The Employment Appeals Tribunal recently determined in the case of Reddy & Reddy v Hyper Trust Limited (EAT Determination of 23 January 2017) that the former directors of a company were not employees for the purposes of the Unfair Dismissals Acts, 1977 – 2007 and the Minimum Notice and Terms of Employment Acts, 1973 – 2005.
The claims were brought by the former directors (and the ultimate owners) of Hyper Trust Limited (“Hyper Trust”), which owns and operates the Leopardstown Inn public bar and restaurant. The former directors (the “Claimants”) owned and operated the business of Hyper Trust since 1978 and both worked in the business.
At the Claimants’ instigation, Hyper Trust obtained protection from its creditors through a High Court examinership process. While the Claimants had made an investment proposal, the Examiner chose an investment proposal from a third party and formulated a Scheme of Arrangement based on that investment proposal. The Scheme of Arrangement provided that the Claimants would be removed and replaced once the Scheme of Arrangement came into effect. The Claimants opposed the Scheme of Arrangement, but it was approved by the High Court.
The Tribunal noted that there is no single determinative factor as to whether a person is an employee and that all relevant facts must be considered.

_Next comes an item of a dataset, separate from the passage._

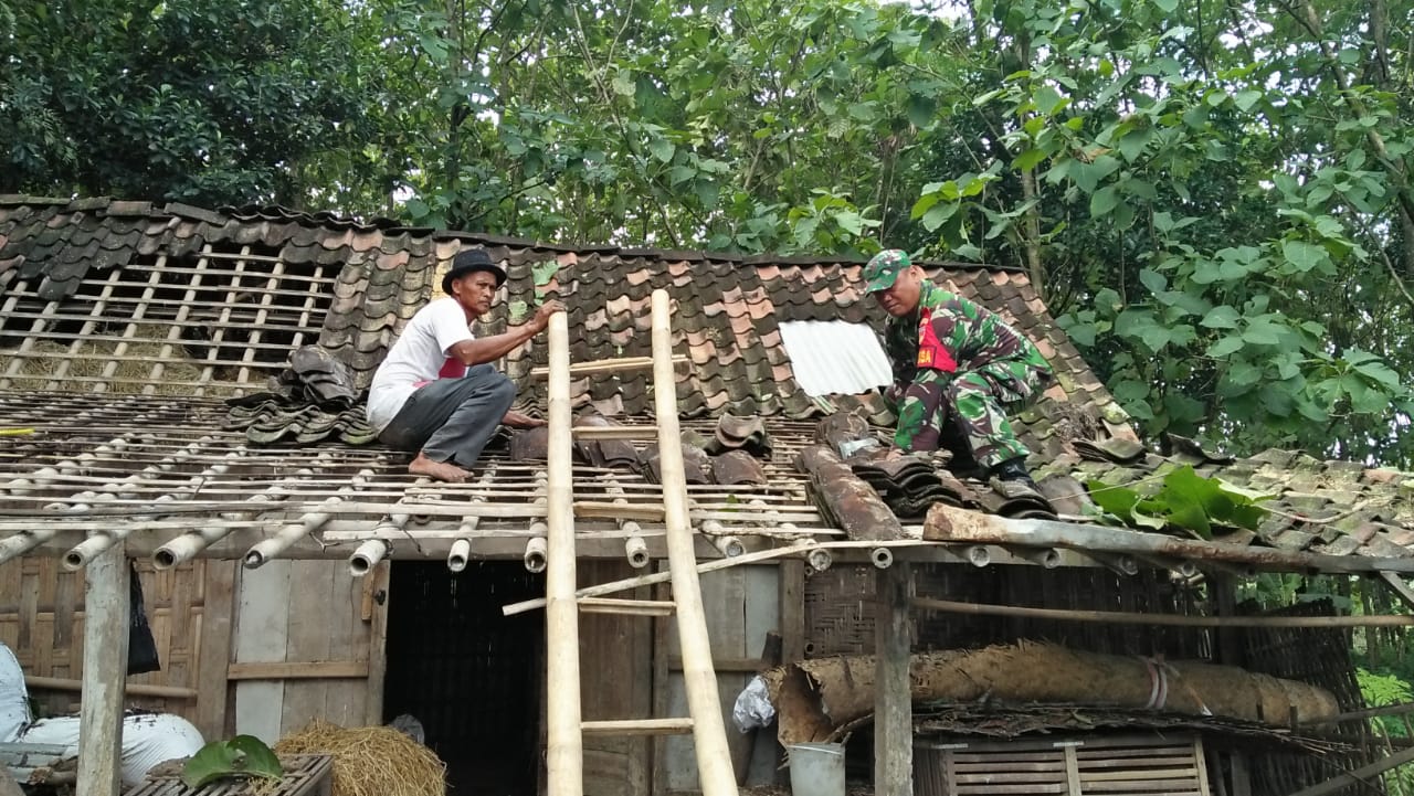 Kodim Sragen – Babinsa Jurangjero Bantu Rumah Warga Yang Rusak Akibat Hujan Dan Angin Puting Beliaung

The Tribunal was satisfied that:
(a) the PRSI for the Claimants was paid under class S1 (self-employed) since 2008;
(b) no written contract of employment existed (albeit that there was evidence that the directors had requested contracts be drawn up shortly before they lost control of Hyper Trust);
(c) the Claimants had other sources of income;
(d) the Claimants considered and treated the assets of Hyper Trust to be their own; and
(d) the Company paid personal expenses of the Claimants.
Considering these factors, together with the evidence and submissions of both sides, the Tribunal held that the Claimants were not employees and, therefore, were not entitled to the relief claimed.